Moreover, NY6 is equipped with new Nyquest’s developed high-quality noise filtering algorithm of 250KHz
over-sampling, which can remove noise in order to improve speech and melody quality greatly. Up to 16-
level digital volume can be applied to final synthetic speech or melody that is tailored for applications of
volume adjustment. NY6 provides two kinds of audio outputs with fine resolution, one is 12-bit current-type
D/A converter (DAC) and the other is 12-bit Pulse-Width-Modulation (PWM). Therefore NY6 speech/
melody quality is the best choice among all solutions.

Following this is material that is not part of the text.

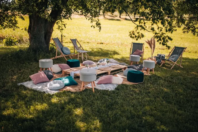 Ve stínu pod starým stromem vznikla malá oáza klidu, kde si hosté mohli odpočinout od tanečního parketu a vychutnat si momenty tohoto překrásného dne.

Hardware SPI (Mode0/Mode3) is supported for Channel-0 voice data automatically (auto mode, 24-bit
addressing capability) and user data (user mode) fetch from external SPI memory. Voltage comparator is
built-in for analog signal detecting applications. Software low voltage reset counting mechanism is provided
for low power management.
The RISC MCU architecture is very easy to program and control, various applications can be easily
implemented. There are 75 instructions, and most of them are executed in single cycle. Besides normal
operation mode, NY6 also provides Halt mode (or Sleep mode) and Slow mode to minimize power
dissipation.
1.2 Features
Wide operating voltage range: 2.0V to 5.5V.
4-bit RISC type micro-controller with 75 instructions.
NY6A have 10 items. 160K x 10-bit ROM is the maximum size.
NY6B have 11 items. 208K x 10-bit ROM is the maximum size.
NY6C have 12 items. 1728K x 10-bit ROM is the maximum size.
336x4-bit RAM, divided into 6 pages.
2MHz system clock for instruction execution.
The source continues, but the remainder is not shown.